Independent Testing
Models, particularly those created early in the lifecycle, are little better than speculative promises regarding what you intend to build or how you intend to build it. Promises are nice, but validation that you're fulfilling those promises is even nicer. Although many agilists have adopted a test-first or test-driven approach to development, an incredibly good practice, as I described in "Scaling Test-Driven Development" (www.ddj.com/architect/205207998) this is at best a confirmatory approach to testing. The goal of confirmatory testing is to validate that you've built the system to your understanding of the requirements. Test-driven development (TDD) is effectively the agile equivalent of testing against the specification, but that assumes that the requirements are identified and understood. If you're not doing TDD you've got an even bigger challenge.

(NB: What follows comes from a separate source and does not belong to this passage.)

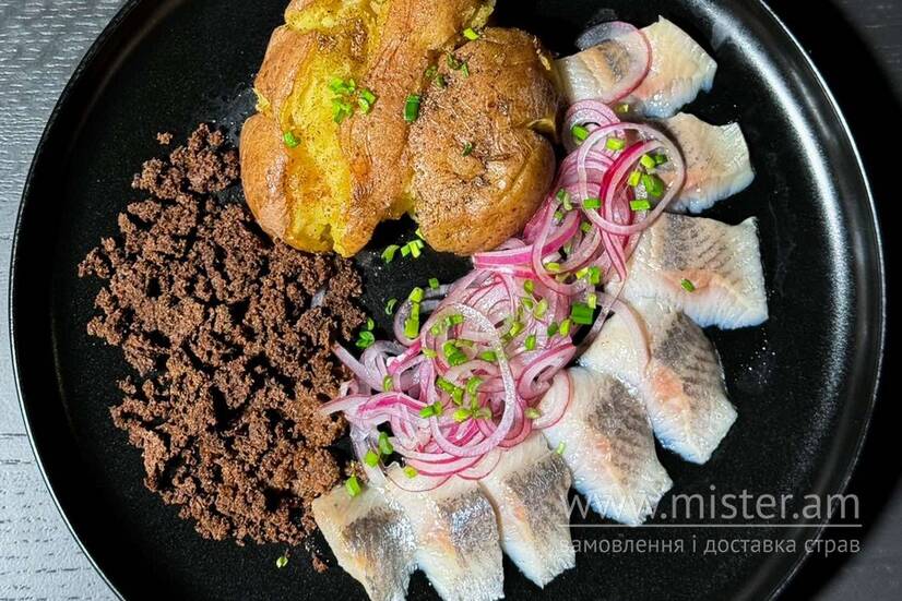 Оселедець з кранчем з бородинського хліба та маринованою цибулею.

The point is that TDD is a great start but that you need more. As Figure 1 shows, disciplined agile teams include an independent testing effort that runs in parallel to development. The basic strategy is that the agile team should deploy a working build of their system to an independent test team on a regular basis, at least once an iteration, so that they can perform investigative testing and other higher forms of testing. This independent testing effort addresses concerns that are typically addressed by traditional teams during the testing phase at the end of the lifecycle. By doing this testing in parallel with development, and by reporting issues back to the development team quickly, you can reduce the average cost of addressing any defects and often shorten the overall time of your project. The development team treats the identified defects as potential requirements to be put onto their prioritized work item list and eventually addressed through TDD.
The independent test team is small, perhaps one independent tester for every 10 people on the development team, because the development team should be addressing confirmatory testing (which is the majority of the testing work). The independent testers are highly skilled testing specialists, perhaps the top 5 to 10 percent of the testing community, who have access to sophisticated testing tools. They will use these tools to try to break the system, and this is often around the types of issues addressed by NFRs and constraints.